*** Data provided ***

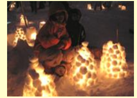
スノーキャンドル
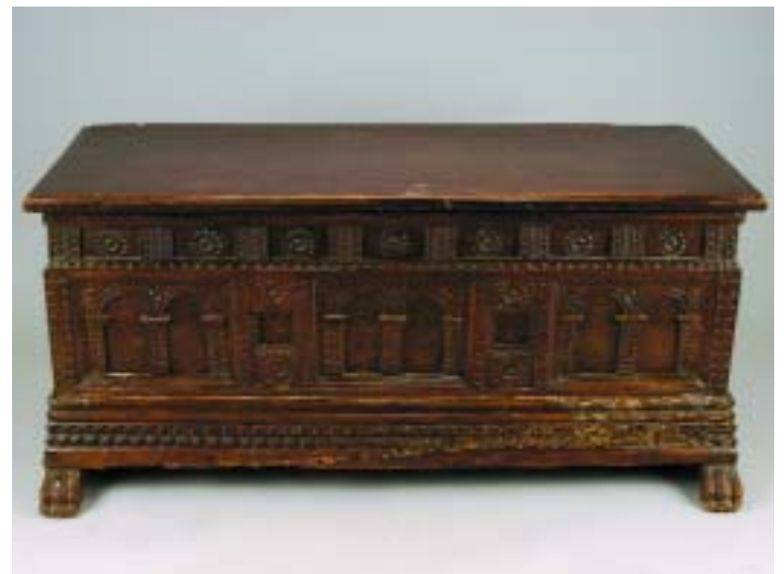
502 ARCA EM NOGUEIRA COM ENTALHAMENTOS "COLUNATA", séc. XVII, tampo parcialmente posterior, faltas e defeitos Dim. - 65 x 140 x 61 cm
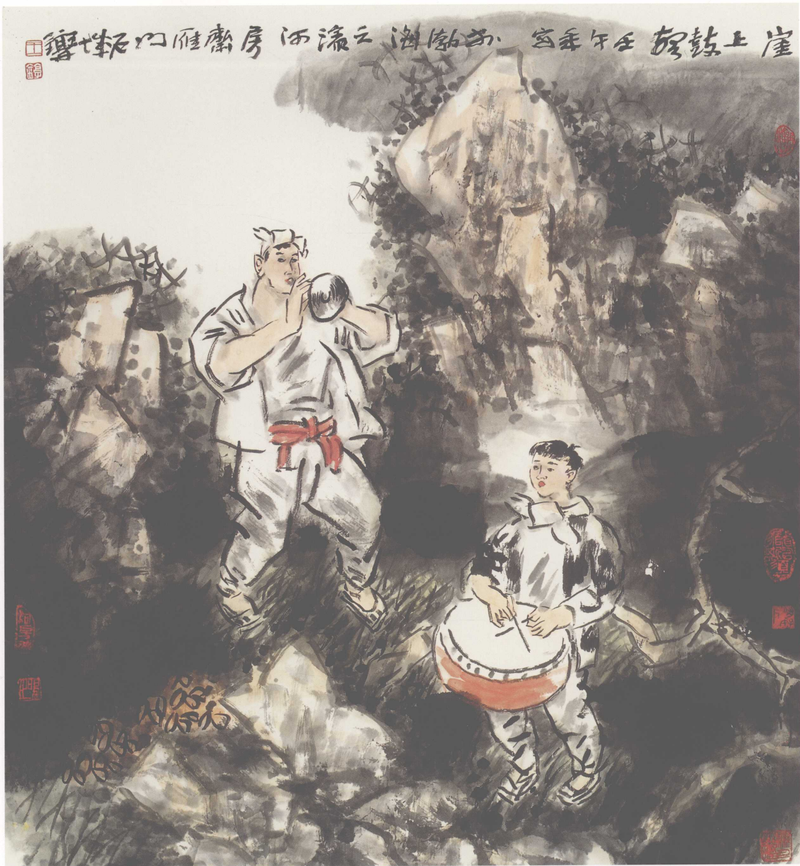
《崖上鼓声》(纸本) 2002年 95x95cm
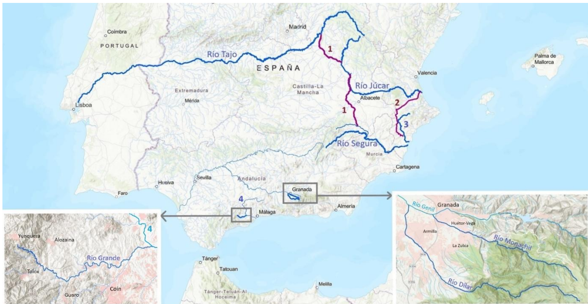
Figura 2. El trabajo aborda cuatro casos de estudio: El trasvase Tajo-Segura (1); el río Júcar; el río Grande (abajo a la izquierda); y los ríos Dilar y Monachil (abajo a la derecha). El mapa reproduce también la traza del trasvase Júcar-Vinalopó (2), el curso del río Vinalopó (3) y el del río Guadalquivir (4), donde desemboca el citado río Grande.
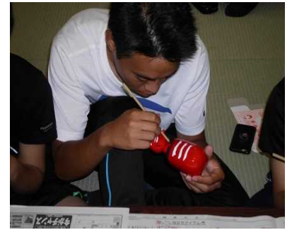
生徒には負けないぞ！
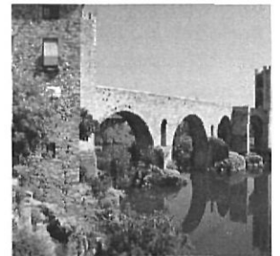
El pont de Besalú
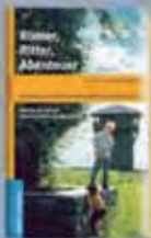
Römer, Ritter, Abenteuer ISBN: 978-3-86615-447-6
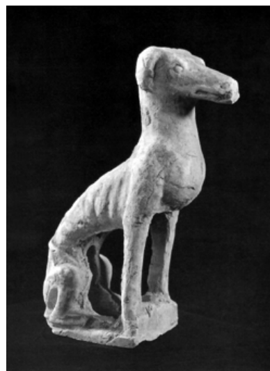
唐 彩繪細犬俑，為陪葬明器，形象唯妙唯肖，細犬特徵無不畢現。引自張隆盛先生輯《中國古犬》一書。

不過筆者的直覺缺乏直接證據佐證，岩畫或青銅器鑲嵌紋上雖繪有獵犬，但繪製粗枝大葉，不易分辨品種。這個問題還須搜集更多史料，才能得出答案。📖（本文圖片由作者提供）
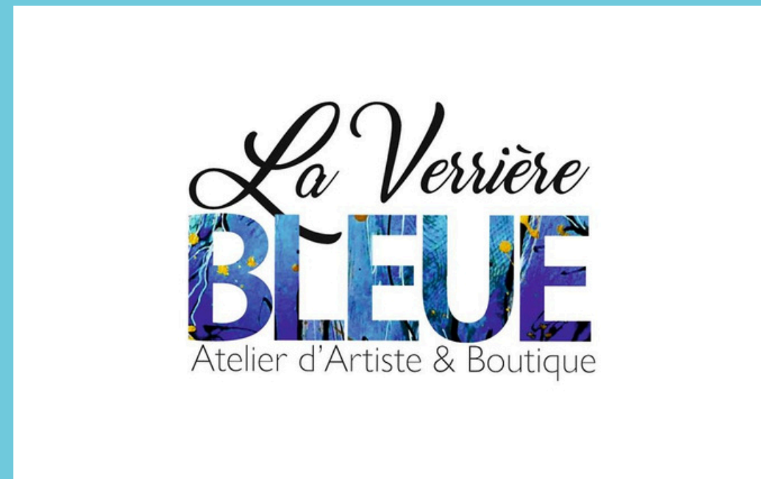
La Verrière bleue - Inauguration cabinet d'artiste
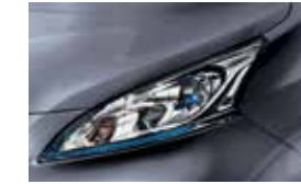
Light Grey (PM) - K51 (EVALIA & VAN)
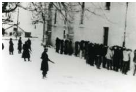
Rafle à Féternes

Du 6 au 26 février, le Chablais va connaître une quinzaine sanglante . Les miliciens organisent la chasse à l'homme, à partir de leur repaire de la Grange Allard. Le 20 février, les forces de police se concentrent sur Féternes , PC du 1 er bataillon FTP de Maurice Flandin qui sera torturé à mort. La milice encercle des refuges de Résistants, le 21 à Verdisse, puis le 22 à Foges. Ces derniers résistent plusieurs heures (6 tués, 1 prisonnier qui sera fusillé, 5 rescapés continueront le combat). Le 25 février, 6 combattants FTP sont condamnés à mort par la cour martiale de Thonon et fusillés le lendemain matin dans la cour de l'école-hôtel du Savoie-Léman.
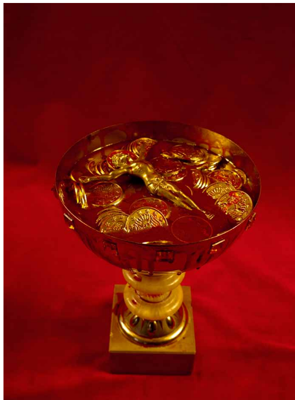
Banca Vaticana-2011

Mes images ne matoires, tout d'abord catholique, je suis athée. phème » n'existe pas ! C'est

*** End of Data provided ***

### Your instructions
Note which lines carry the word "Féternes" in the material, then copy each of them.

### Answer section
Rafle à Féternes
Du 6 au 26 février, le Chablais va connaître une quinzaine sanglante . Les miliciens organisent la chasse à l'homme, à partir de leur repaire de la Grange Allard. Le 20 février, les forces de police se concentrent sur Féternes , PC du 1 er bataillon FTP de Maurice Flandin qui sera torturé à mort. La milice encercle des refuges de Résistants, le 21 à Verdisse, puis le 22 à Foges. Ces derniers résistent plusieurs heures (6 tués, 1 prisonnier qui sera fusillé, 5 rescapés continueront le combat). Le 25 février, 6 combattants FTP sont condamnés à mort par la cour martiale de Thonon et fusillés le lendemain matin dans la cour de l'école-hôtel du Savoie-Léman.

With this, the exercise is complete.